Patrick Pittman on Chris Anderson
I work in a building full of extraordinary people. These people are never so excited as when they are sharing their latest discovery from the thousand or so presentations on TED Talks.
Whether it’s a scientist prodding a brain, Bill Gates releasing mosquitoes into a crowd, a demonstration of a new prosthetic arm, a printable kidney, a mapping of the multiverse, or just a magic show, we gather around laptops enthusiastically carried between offices, gasping at the possibility of ideas. We’re nerds that way.
Chris Anderson made his fortune in publishing, back when people could make their fortune in publishing (we have not, as yet, made our fortune in publishing). He grew up in Pakistan, the child of medical missionaries. After a childhood that took him through the Himalayas, Afghanistan and India, he pioneered the British computer magazine industry. In the 1980s and early 1990s his company Future Publishing was responsible for some of the biggest-selling magazines around. These were the magazines that made my unashamedly geeky childhood bookshelves sag. Around the turn of the century, after moving across the pond and cracking the American market, Chris turned his attention to a much more ambitious project: changing the world.

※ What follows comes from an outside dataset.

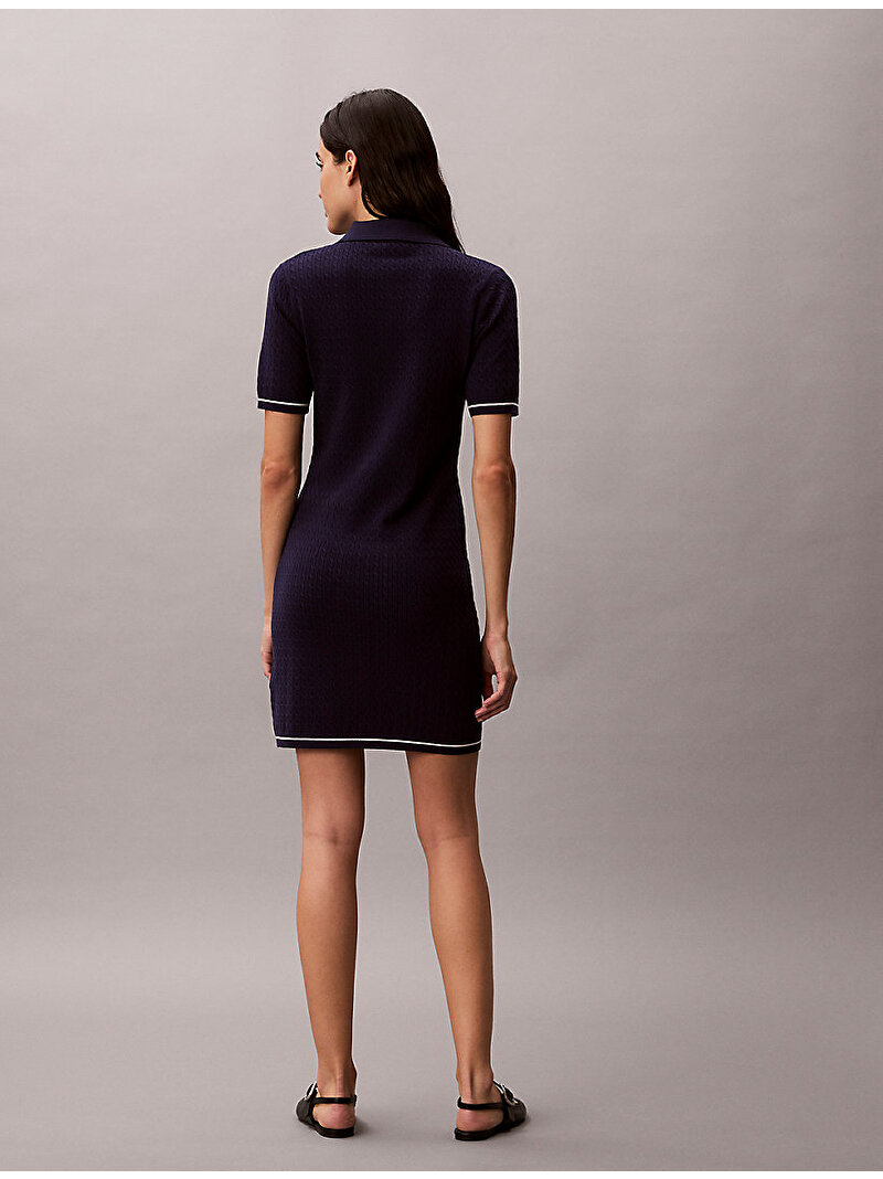 Monogram detaylı bu mini elbise, konforlu kablo örgü triko dokusunu polo silüetiyle birleştirerek günlük ve sportif bir estetik yaratıyor.

The TED conference had been taking place in California since the early 1980s. TED (Technology, Entertainment, Design) was, historically, a place where well-to-do entrepreneurs could gather and be inspired by revolutionary thinkers, and by each other. After Chris and his not-for-profit foundation took the reins in 2001, TED went through some remarkable changes. Over the course of a decade, it has become a stage upon which some of the world’s greatest and most innovative thinkers share their ideas and, in eighteen minutes, give the talk of their lives, to an audience of hundreds of millions.
The real revolution happened in 2006, when Chris and his team made the decision to give all of their content away, on the internet, for free. A conference which had often been described as a fascinating, elitist playground of ideas for the privileged (who could afford the several-thousand-dollar seats) became a radical force for the spread of innovation. Its audience spiralled into the hundreds of millions.
In 2008, the conference spread its tentacles further into the grassroots with the launch of TEDx, a brand and toolkit for community-organised conferences staged around the world with the endorsement of central command. There are now several hundred TEDx conferences taking place every year, run by volunteers and attended by thousands.
TED has grown from a conference into a movement of ideas. Chris has come to believe that the power to share video online may well become one of the most important innovations in human history, up there with Gutenberg. As we attempted to speak on Skype, and I took in the pixelated bookshelves of TED’s New York offices, we grappled with disappearing sound and stuttering video, leading me to believe we may be a way off of that ideal. But Chris’s enthusiasm and world-changing fervour can’t be quelled by the simple limitations of the technology we have—the future is just around the corner.